### Work to be completed
Starting at the line that contains "为进一步巩固立德树人文化成果", print each line exactly through the end of the listing. Skip any pictures and add nothing.

### Collected material

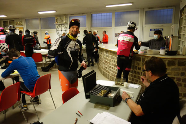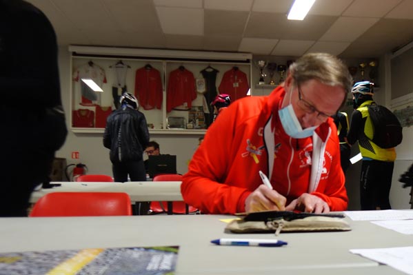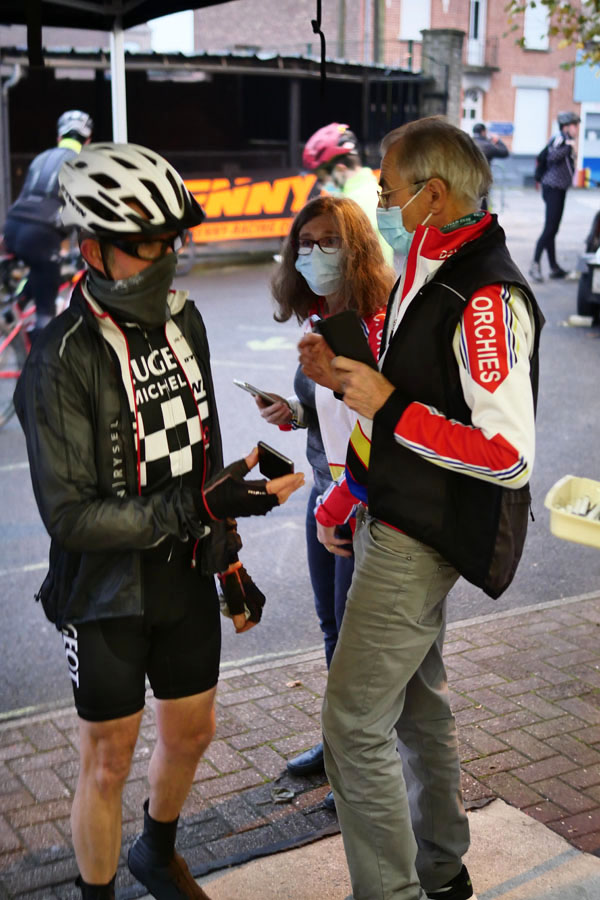 Les bénévoles qui assuraient l’accueil eurent fort à faire devant un flux d’inscriptions un peu inattendu. Un(e) photocopieur(euse) récalcitrant(e), (Ah l’écriture inclusive…) rendit impossible l’impression de bulletins d’inscription supplémentaires, si bien que l’on dût utiliser ceux de la Nuit des pavés pour permettre à chacun de s’enregistrer. Mais tout fut bien qui finit bien et à l’heure dite les départs groupés prévus purent avoir lieu sans oublier personne.
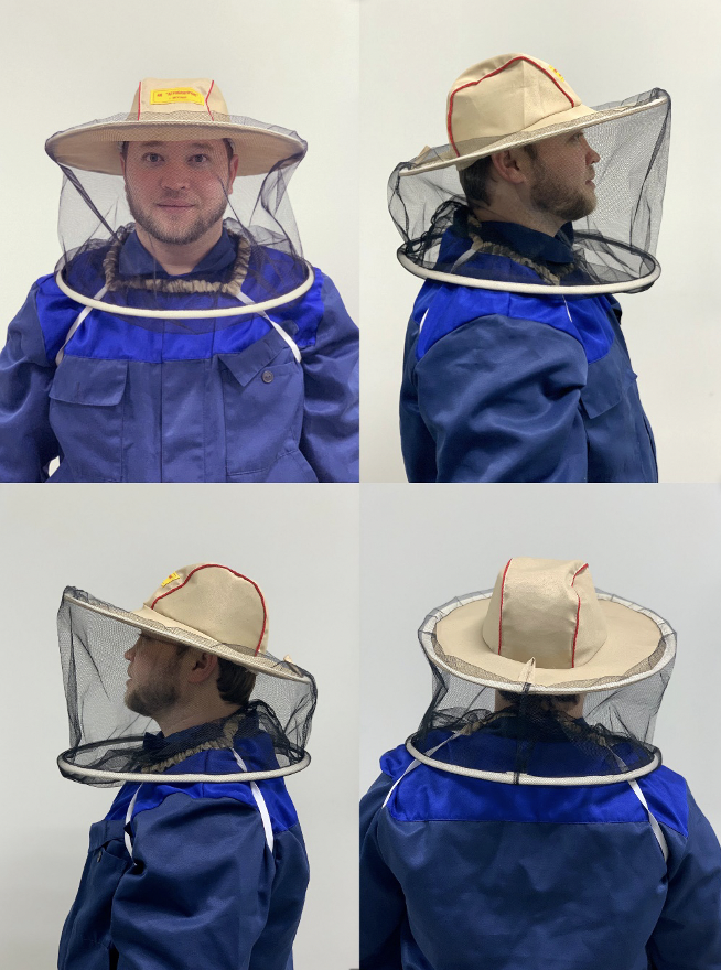 Сетка лицевая предназначена для защиты лица пасечников от возможных укусов пчел. Обеспечивает надежную защиту глаз, лица и шеи пасечника. Шляпа + круговая сетка с широкими полями, что увеличивает защиту от ужаливаний лица и головы при работе на пасеке. Горловина затягивается на резинку. Шляпа имеет хорошие показатели износоустойчивости и долговечности.зСетка пошита из ткани двунитка ( 100% хлопок), грета (смесовая материя состоящая из волокон хлопка 53-55% и полиэстера 47-45%), фатин. Шляпа на голове плотно фиксируется резинками под подмышками.
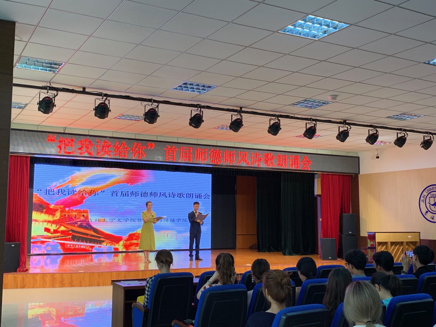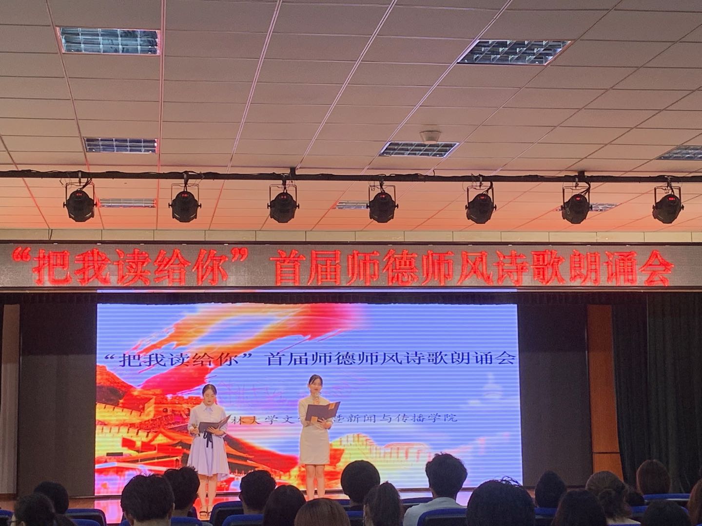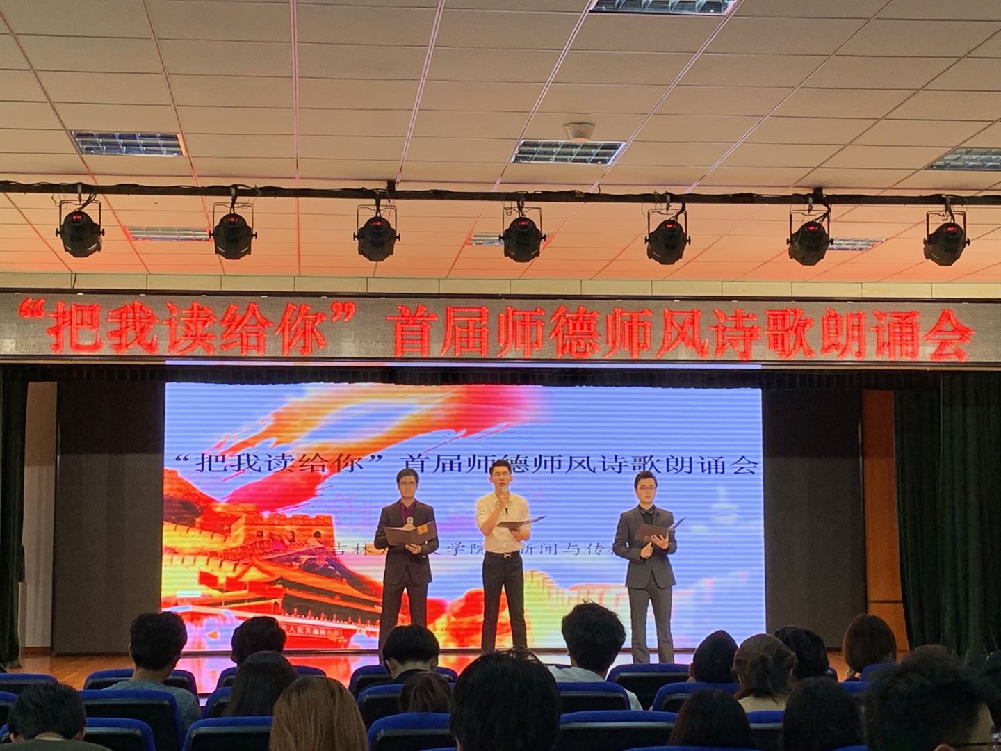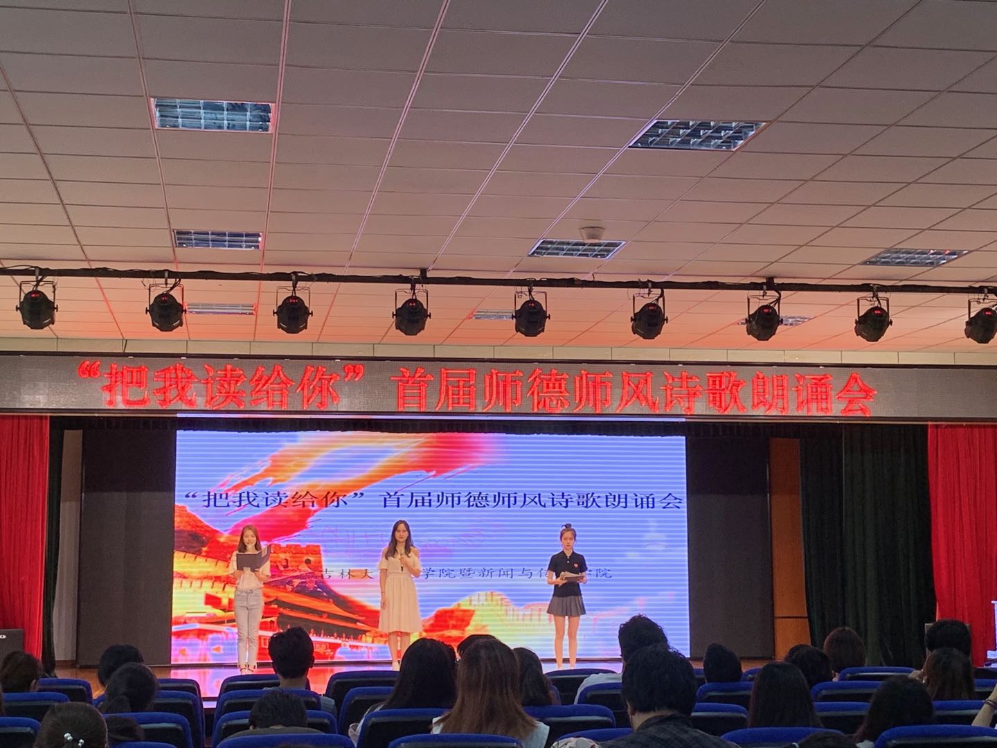 为进一步巩固立德树人文化成果,传播高尚师德师风,浓厚文化育人氛围,心博官方网站_心博(中国)暨新闻与传播学院于2019年9月5日下午5点30分在田家炳礼堂举办了“把我读给你”首届师德师风诗歌朗诵会。新闻与传播学院广播电视艺术系副主任张芳馨老师作为点评嘉宾出席了本次活动。
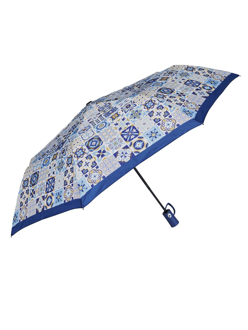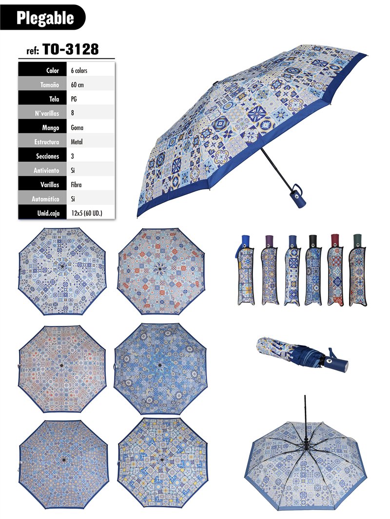 Guarda-chuva dobrável estampado. Tecido PG. Antivento. Automático. 8 varetas de fibra. Cabo de borracha. Estrutura de metal. 3 seções. Cores sortidas.

### Response area
 为进一步巩固立德树人文化成果,传播高尚师德师风,浓厚文化育人氛围,心博官方网站_心博(中国)暨新闻与传播学院于2019年9月5日下午5点30分在田家炳礼堂举办了“把我读给你”首届师德师风诗歌朗诵会。新闻与传播学院广播电视艺术系副主任张芳馨老师作为点评嘉宾出席了本次活动。
 Guarda-chuva dobrável estampado. Tecido PG. Antivento. Automático. 8 varetas de fibra. Cabo de borracha. Estrutura de metal. 3 seções. Cores sortidas.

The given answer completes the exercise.